Question on skipping quantization on unsupported modules

Let’s say I have a module block, where part of it is not currently supported for quantization, so I added Quant, Dequant stubs shown below.

> class ExampleBlock(nn.Module): 
        def __init__(self):
              self.quant() = QuantStub()
              self.dequant() = DeQuantStub()

        def forward(self, x):
              x = Supported(x)
              x = dequant(x)
              x = NotSupported(x)
              x = quant(x)
        return x 

I have two questions. First, I am using this module as a building block for my network, meaning it is repetitively being called. I learned on this forum that QuantStubs need to be called each time it is needed, does it mean I have unroll the entire network where this module is being used?

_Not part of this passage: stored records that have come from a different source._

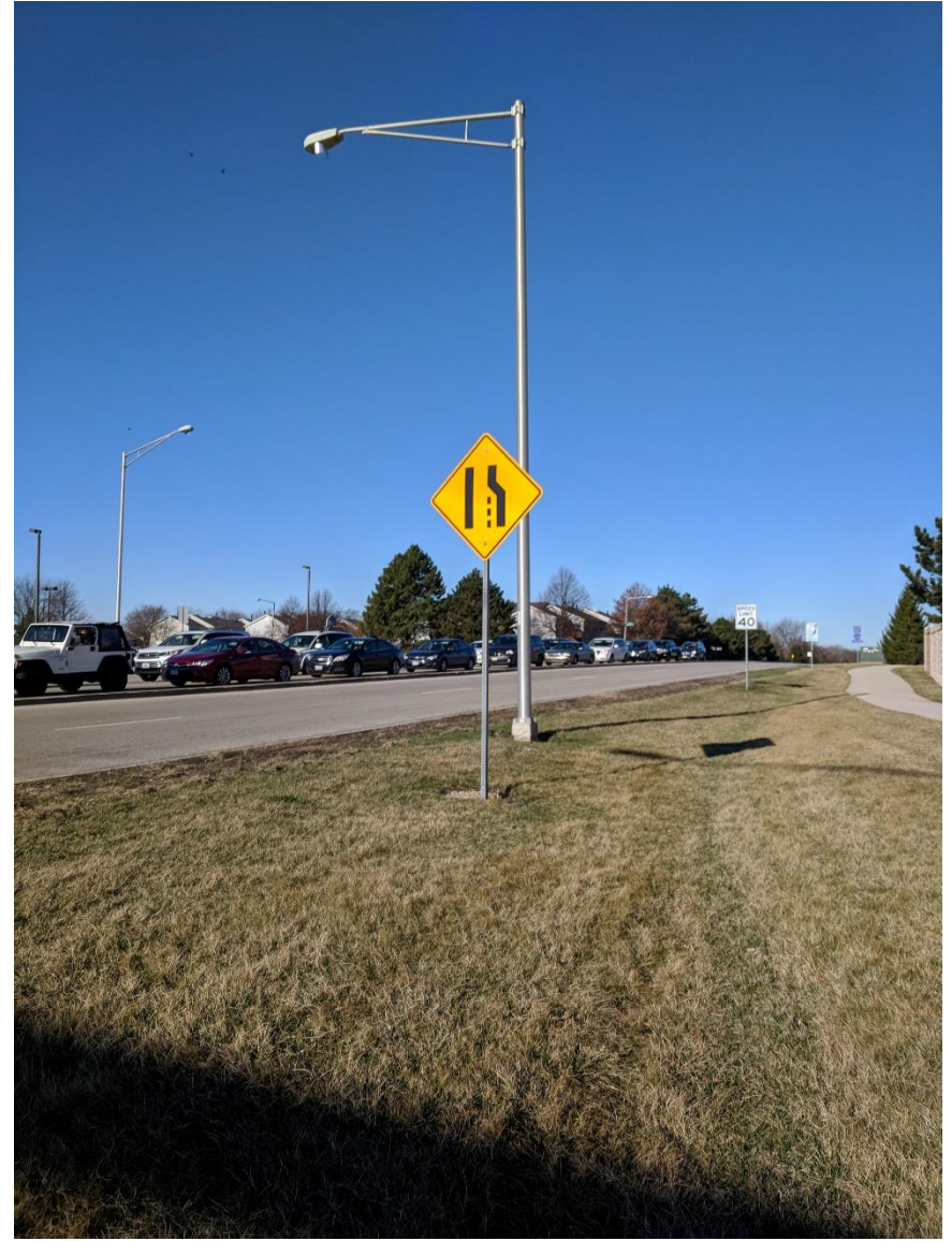
Ackman Rd, between Skyridge Dr and Randall Rd Remove incorrect application of lane drop (W4-2) sign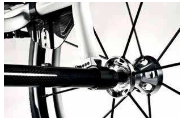
NEW carbon fibre axle tube Less weight, superb looks.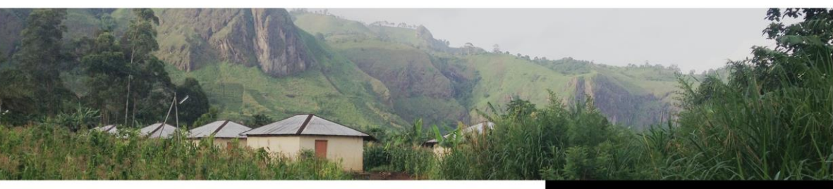
KRISTI TENCLAY - Missionary in Cameroon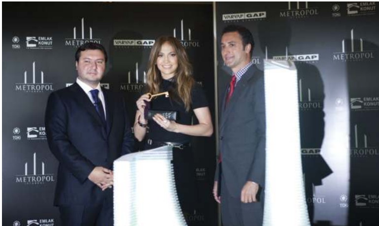
Figure 2. Launching event of the Metropol-Istanbul Project where the spokesperson was Jennifer Lopez.

( Palaces of Istanbul ) instead of a worldwide star like Jennifer Lopez, one of the unforgettable actress of Turkish cinema, Nebahat Çehre appeared. Even though Nebahat Çehre appeared in national movies and series that highlight our traditional values, she has the image of a modern woman in the eye of the public. She became famous after the beauty pageant she entered and then she continued her career as an actress. Even though she is in her seventies, she is still a popular figure on screens with her beauty and attractiveness.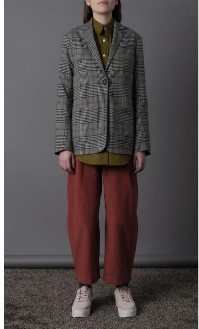
ONE BUTTON SUIT JACKET / PLAID SUITING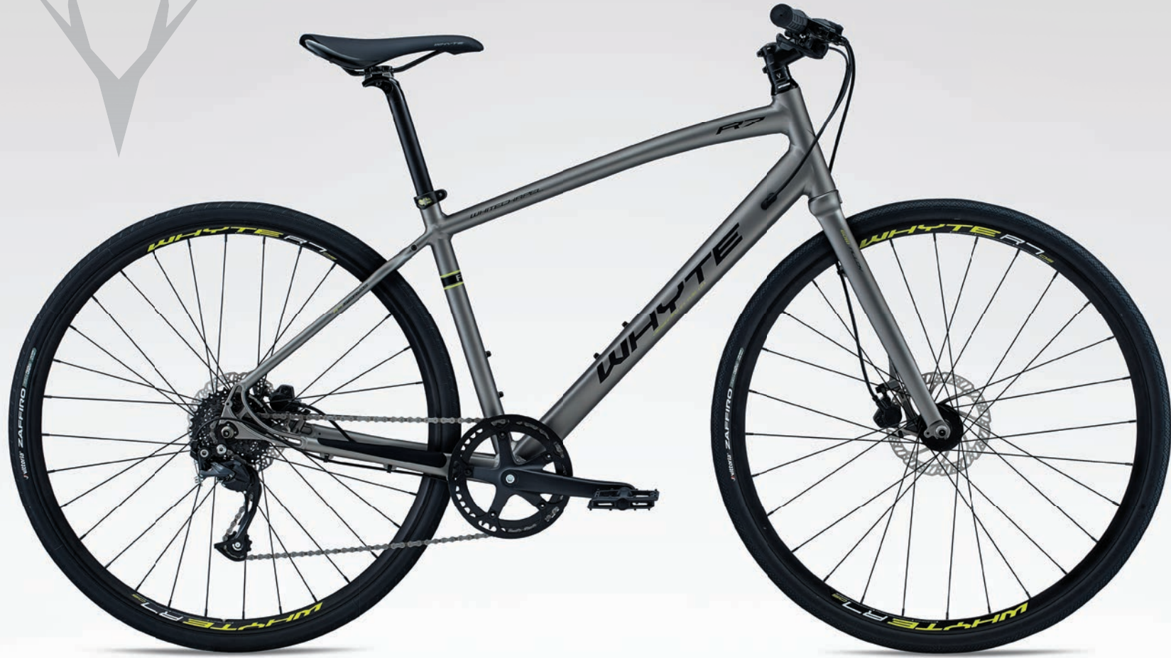
Lightweight aluminium frame / Tektro hydraulic disc brakes / Vittoria 32c Tyres / 1x9spd Shimano drivetrain / for urban simplicity FAST URBAN/COMMUTER - R7 SERIES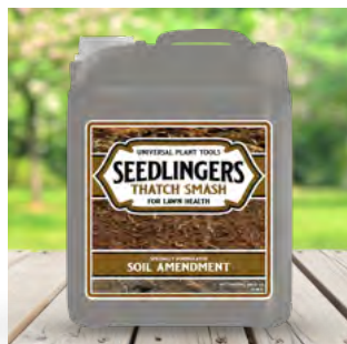
S-THSM-C-640 5 Gallon Bottle Concentrate, Mix 1oz/Gallon Will cover 20,000 SqFt Sold Individually 813835002168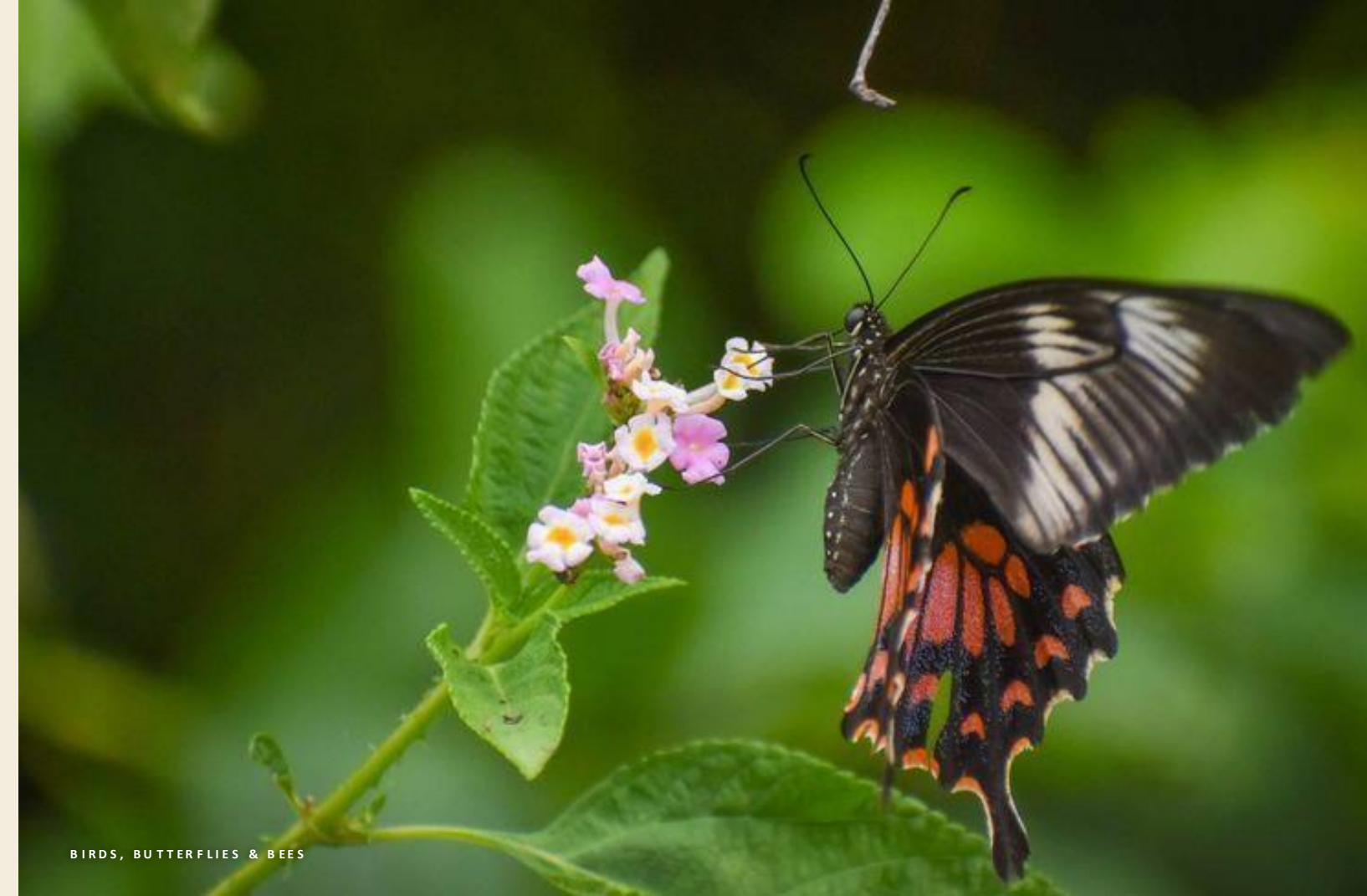
BIRDS, BUTTERFLIES & BEES

Secondly, do I have to specify in the m.ExampleBlock.qconfig = None, and all the cases where it has been called to skip the quantization on NotSupported layers and functions?

Let me know if I explained my questions well enough.

Best,
Hua

Could you please clarify what you mean by “unrolling the entire network” here?

Secondly, do I have to specify in the m.ExampleBlock.qconfig = None, and all the cases where it has been called to skip the quantization on NotSupported layers and functions?

I don’t think this is necessary (I think you’ll get an exception at runtime if you try to quantize something that’s not quantizable) if I understand your question correctly. Are you observing errors without this explicit specification.

Hi David:
Thanks for your reply, what i meant is the following. If I call this module which has unsupported layers for quantization as below, do I have to write ExampleBlock1(), ExampleBlock2(), etc or I could just use the single ExampleBlock() and the QuantStub and DeQuantStub will perform accordingly? I am asking, because I am quantizing a model right now, some of the layers are not supported so I used dequant() quant() to surpass them, but the result is very poor.

class model()
         def __init__():
              self.layer1 = ExampleBlock()
              self.layer2 = ExampleBlock()

Hi Hua. I don’t think you need to wrap unsupported layers with a dequant and quant stubs. I’ll confirm with the team. Did you have issues when you didn’t use the stubs?

Edit: Sorry, I think I was wrong here. You’ll get an error if you try to pass the quantized output of a supported layer as an argument for a non-quantized layer. Is that what you’re asking?

Hi Hua,

With Eager mode, inserting quant/dequant stubs works for selective quantization. Can you clarify what you mean by “the result is very poor”? There are a few different ways to diagnose “poor performance” when using quantized models (see PyTorch Numeric Suite Tutorial — PyTorch Tutorials 1.10.1+cu102 documentation).

Re: using separate instances of ExampleBlock I think it is necessary if you have different weights.

I find using FX mode easier for selective quantization. In your example, I’d use it like

# skip quantization on NotSupported and Linear modules
qconfig = {
        "": torch.quantization.get_default_qconfig("fbgemm"), # global config
        "object_type": [(torch.nn.NotSupported, None), (torch.nn.Linear, None)] }, 
        }

prep = quantize_fx.prepare_fx(ExampleBlock(), qconfig_dict)
# calibrate
QuantizedExampleBlock = quantize_fx.convert_fx(prep)

class model:
  def __init__():
    self.l1 = QuantizedExampleBlock()
    self.l2 = QuantizedExampleBlock()

This might be a helpful reference: Practical Quantization in PyTorch | PyTorch

Hi David:
Yes, that’s right. I added dequant and quant stubs before and after the unsupported layer to bypass quantization. I was able to quantize and save the model. But when I jit load the quantized model, i encountered the “Could not run on Quantized CPU” which is very confusing.
By the way, my block configuration is "Conv + ReLu + Batchnorm ", as in Fuse_modules more sequence support. Since this configuration is not supported for fusion, I fused “Conv + ReLu” and bypassed quantization for Batchnorm. Wonder if I did anything wrong here.

Best,
Hua

Hi Suraj:
Thanks for your reply, I will try the Numeric Suite out.
Re: using separate instances of ExampleBlock I think it is necessary if you have different weights. Could you please clarify more on this. Do I need to write ExampleBlock1, ExampleBlock2… etc since they have quant and dequant stubs inside or do I just need to write one ExampleBlock and called them like in your code?

Best
Hua

I think you can get away with initializing multiple instances of the same ExampleBlock, as long as that serves your purpose. Each instance will be identical. I don’t think you need to create separate classes for each, based on the example you’ve provided!